# Attack in San Francisco (possibly NYC)



## Sasquatch (Dec 12, 2014)

Seeing reports of blackouts on both coasts. At work so can't really investigate. Anyone else have any info?

https://mobile.nytimes.com/1997/10/25/us/blackout-in-san-francisco-sabotage-is-seen.html

Sent from my SM-G900V using Tapatalk


----------



## rice paddy daddy (Jul 17, 2012)

At work also, checked Fox News and ABC news websites.
Nothing happening at either one.


----------



## Mrs. Spork (Jan 30, 2017)

http://www.cbsnews.com/news/biggest-blackout-in-us-history/

tappy talk sent


----------



## rice paddy daddy (Jul 17, 2012)

Mrs. Spork said:


> Biggest blackout in U.S. history - CBS News
> 
> tappy talk sent


August 15, 2003?


----------



## rice paddy daddy (Jul 17, 2012)

Double--tap.
Darn phone.

As you were, carry on!


----------



## mcangus (Jun 3, 2014)

Nothing so far to indicate that this is malicious or related. But it is crazy how it hit 2 mega cities.

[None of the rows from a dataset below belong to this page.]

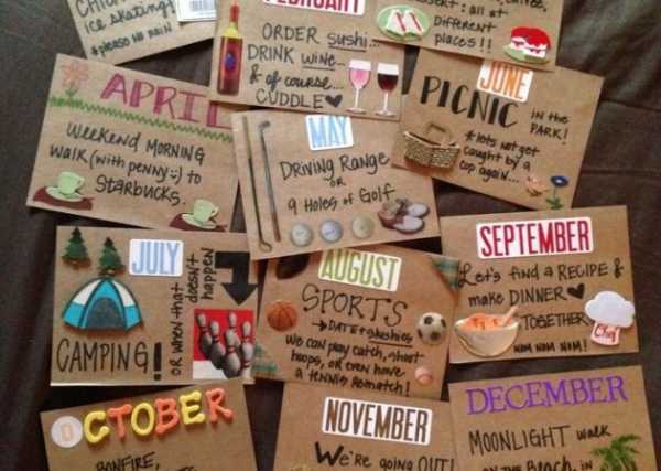 Влюблённые часто мечтают вместе. А что, если запечатлеть это? Вспомните, какие планы вы обсуждали в последнее время? Куда ваша половинка хочет поехать? Чем вы хотели бы заниматься совместно? Сделайте 12 карточек (по числу месяцев до следующего Дня всех влюблённых) и реализуйте ваши мечты в ближайший год. Например:
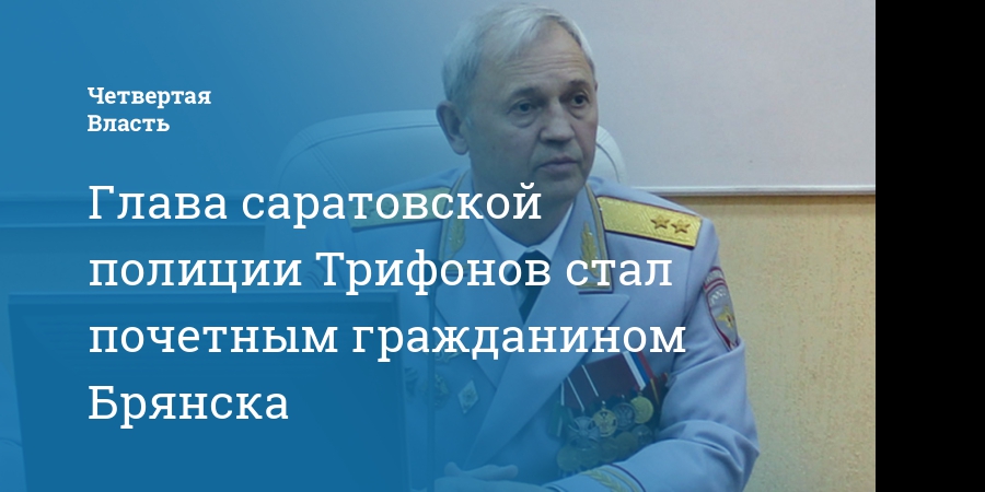 Начальник Главного управления МВД по Саратовской области генерал-лейтенант полиции Николай Трифонов стал почетным гражданином Брянска. Как сообщают местные СМИ, это решение приняли сегодня, 8 ноября, на внеочередном заседании Брянского горсовета (связано с назначением главы городской администрации).
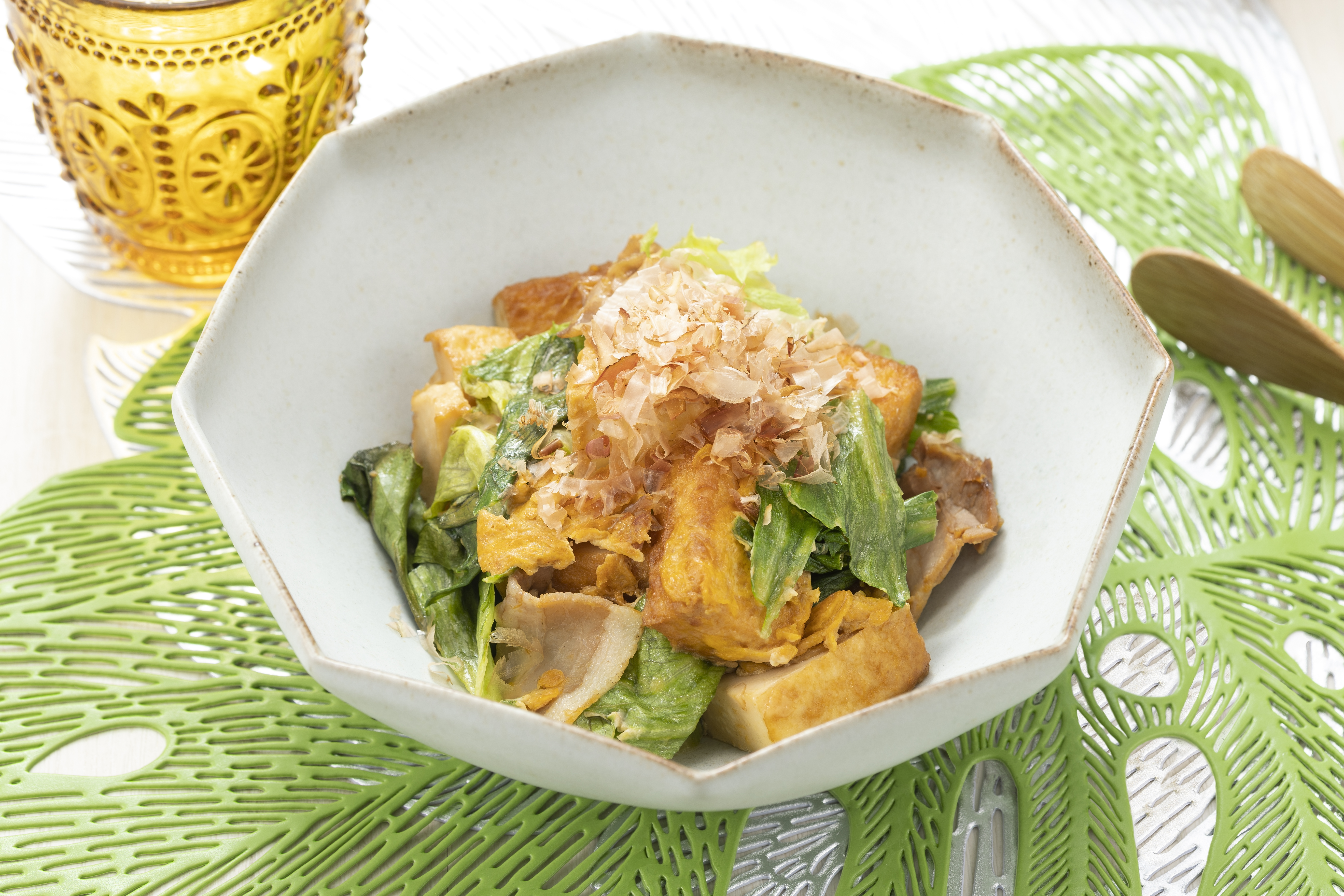 1) レタスは一口大に手でちぎる。ベーコンと厚揚げは、食べやすい大きさに切る。卵は割りほぐしておく。
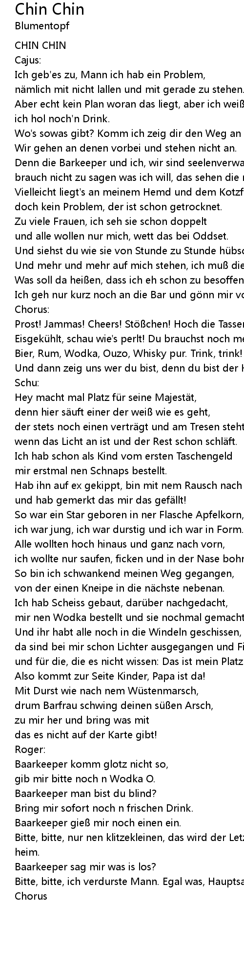 | Aber echt kein Plan woran das liegt, aber ich wei schon wie ich drauf komm, ich hol noch' n Drink. | |
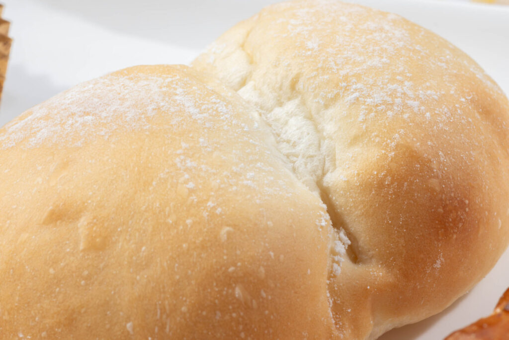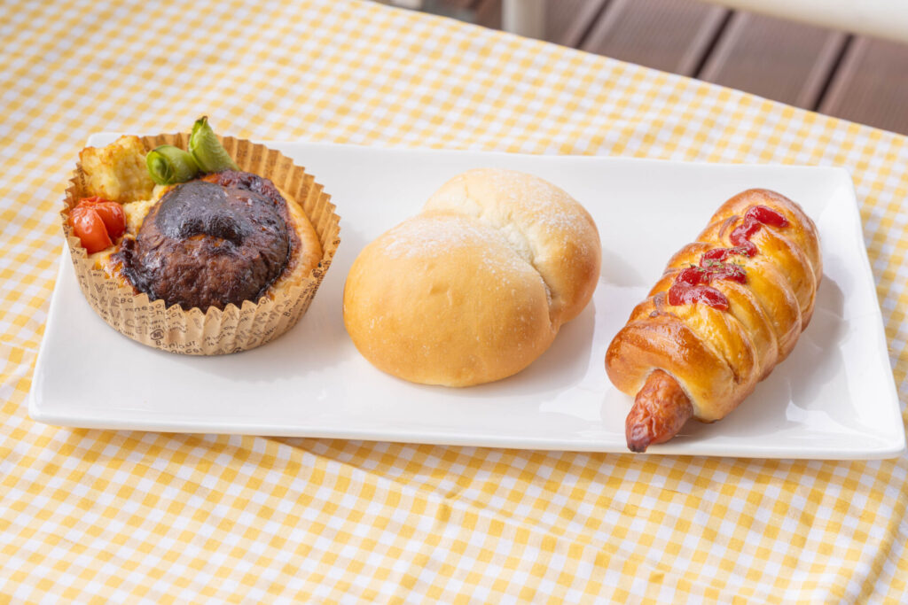 カウンターの窓越しには小さく映りますが、「KUU」のパンはひとつひとつボリュームがあり、惣菜パンでは主役の食材が一際、存在感を放ちます。お子様ランチをイメージした「チーズインハンバーグ」やホットドッグサイズのウインナーが贅沢に入った「フランクロール」など、見た目のインパクトはもちろん、大人も満足感を得られる食べ応えです。シンプルな「白パン」は、小麦とミルク、生クリームで構成されたもちもちふわふわの食感が特徴。ジャムや練乳、ハムやチーズを挟むなど、お好みでデザートにも、食事パンとしても味わえる万能型です。
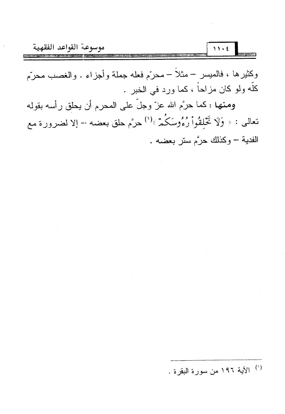 ومنها: كما حرَّم الله عزّ وجلّ على المحرم أن يحلق رأسه بقوله تعالى: {وَلَا تَحْلِقُوا رُءُوسَكُمْ} (¬1). حرَّم حلق بعضه - إلا لضرورة مع الفدية - وكذلك حرَّم ستر بعضه.
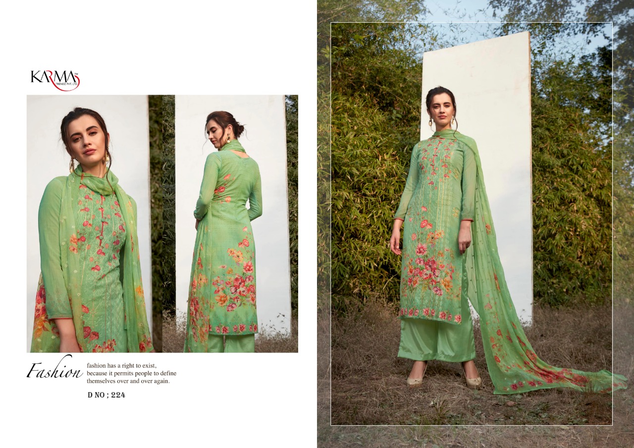 Karma Trendz Presents Latest Collection Launched on 28-02-2020. Presenting Beautiful collection of 6 PCS with Unstitched .

LOL just found out that the Federal Government is simulating an EMP in a few days over NYC, lol perfect timing wow. Remember how there was a training exercise on 9/11?

Just a coincidence. They are always doing these drills. Go back to sleep folks.


----------



## Mrs. Spork (Jan 30, 2017)

rice paddy daddy said:


> August 15, 2003?


Whoops! did a quick search at lunch for reported blackouts today for nyc, that came up didn't notice date on my phone. Must need my glasses on... :-D

tappy talk sent


----------



## Denton (Sep 18, 2012)

Power Problems Disrupt Service On Several Subway Lines « CBS New York


----------



## SOCOM42 (Nov 9, 2012)

Even if it was some form of attack, the media would play it down or not even bother until they had no choice but to publish it.


----------



## Gunn (Jan 1, 2016)

I heard the SF outage was a substation caught on fire. According to the radio.


----------



## mcangus (Jun 3, 2014)

Gunn said:


> I heard the SF outage was a substation caught on fire. According to the radio.


How could there be a fire? Like infrastructure malfunction? sparks + wire


----------



## Urinal Cake (Oct 19, 2013)

rice paddy daddy said:


> August 15, 2003?





rice paddy daddy said:


> August 15, 2003?


Total Chaos: Cyber Attack Fears As MULTIPLE CITIES HIT With Simultaneous Power Grid Failures: Shockwave Of Delays In San Francisco, Los Angeles, New York

I have not heard a thing on NYC News stations....


----------



## MI.oldguy (Apr 18, 2013)

Gunn said:


> I heard the SF outage was a substation caught on fire. According to the radio.


FOX news showed that on the telly.pics look like the substation on Mission and tenth st (south of market=SOMA district)I recognized it,used to pass by it every day on the school bus.pretty old substation btw.
Larkin and Eddy streets was supposed to be where the fire was.looks like a couple of fires?.maybe?.it was quite a large area that was out.

http://www.sfgate.com/bayarea/artic...n-Francisco-shuts-11089574.php#photo-12770248


----------



## Prepared One (Nov 5, 2014)

Just a matter of time folks.


----------



## RJAMES (Dec 23, 2016)

News talked about the outage in San Francisco this evening If they mentioned an estimate of how long without power I did not catch it. All kids of problems for window washers, folks in elevators. 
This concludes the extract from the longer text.